Re: [PATCH 2/2] block: attempt direct issue of plug list

[Date Prev][Date Next][Thread Prev][Thread Next][Date Index][Thread Index]

 



On Oct 19, 2021 / 06:08, Jens Axboe wrote:
> If we have just one queue type in the plug list, then we can extend our
> direct issue to cover a full plug list as well.
> 
> Signed-off-by: Jens Axboe <axboe@xxxxxxxxx>

Hi Jens, I tried out for-next branch and observed A WARNING "do not call
blocking ops when !TASK_RUNNING" [1]. Reverting this patch from the for-next
branch, the warning disappears. The warning was triggered when mkfs.xfs is
run for memory backed null_blk devices with "none" scheduler. The commands below
recreates it.

# modprobe null_blk nr_devices=0
# mkdir /sys/kernel/config/nullb/nullb0
# declare sysfs=/sys/kernel/config/nullb/nullb0
# echo 1 > "${sysfs}"/memory_backed
# echo 1 > "${sysfs}"/power
# echo none > /sys/block/nullb0/queue/scheduler
# mkfs.xfs /dev/nullb0


Referring the call stack printed, I walked through the function calls. In
__blkdev_direct_IO_simple(), task state is set UNINTERRUPTIBLE. Way
down to might_sleep_if() called from null_queue_rq(), it is warned that
the task state is not RUNNING. This patch adds blk_mq_plug_issue_direct()
call in blk_mq_flush_plug_list(), then the call path was linked from
__blkdev_direct_IO_simple() to null_queue_rq().

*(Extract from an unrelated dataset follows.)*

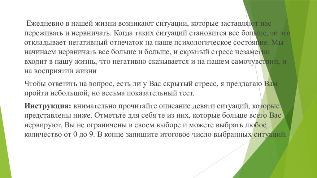 Ежедневно в нашей жизни возникают ситуации, которые заставляют нас переживать и нервничать. Когда таких ситуаций становится все больше, то это откладывает негативный отпечаток на наше психологическое состояние. Мы начинаем нервничать все больше и больше, и скрытый стресс незаметно входит в нашу жизнь, что негативно сказывается и на нашем самочувствии, и на восприятии жизни Чтобы ответить на вопрос, есть ли у Вас скрытый стресс, я предлагаю Вам пройти небольшой, но весьма показательный тест. Инструкция: внимательно прочитайте описание девяти ситуаций, которые представлены ниже. Отметьте для себя те из них, которые больше всего Вас нервируют. Вы не ограничены в своем выборе и можете выбрать любое количество от 0 до 9. В конце запишите итоговое число выбранных ситуаций.
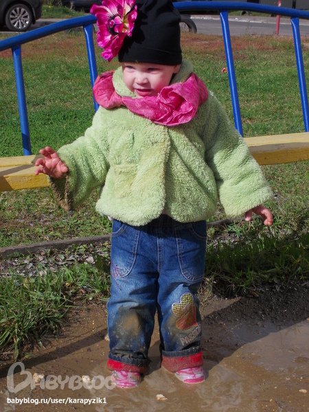 На прогулке Саша нашла лужу... лужа была одна....ей было грустно и холодно....и наша добрая девочка решила лужу пожалеть... и вот что из этого вышло:

__blkdev_direct_IO_simple() block/fops.c
  set_current_state(TASK_UNINTERRUPTIBLE) ... current->__state = TASK_UNINTERRUPTIBLE
  blk_io_schedule()
    io_schedule_timeout() kernel/sched/core.c
      io_schedule_prepare()
        blk_schedule_flush_plug() include/linux/blkdev.h
          blk_flush_plug_list() block/blk-core.c
            blk_mq_flush_plug_list()
              blk_mq_flush_plug_list() block/blk-mq.c  ... this patch added call to blk_mq_plug_issue_direct()
                blk_mq_plug_issue_direct()
                  blk_mq_reqeust_issue_directly()
                    __blk_mq_try_issue_directly()
                      __blk_mq_issue_directly()
                        q->mq_ops->queue_rq()
                          null_queue_rq() drivers/block/null_blk/main.c
                            might_sleep_if(flags & BLK_MQ_F_BLOCKING) include/linux/kernel.h
                              might_sleep()
                                __might_sleep() kernel/sched/core.c ... current->__state != TASK_RUNNING  (WARN_ONCE)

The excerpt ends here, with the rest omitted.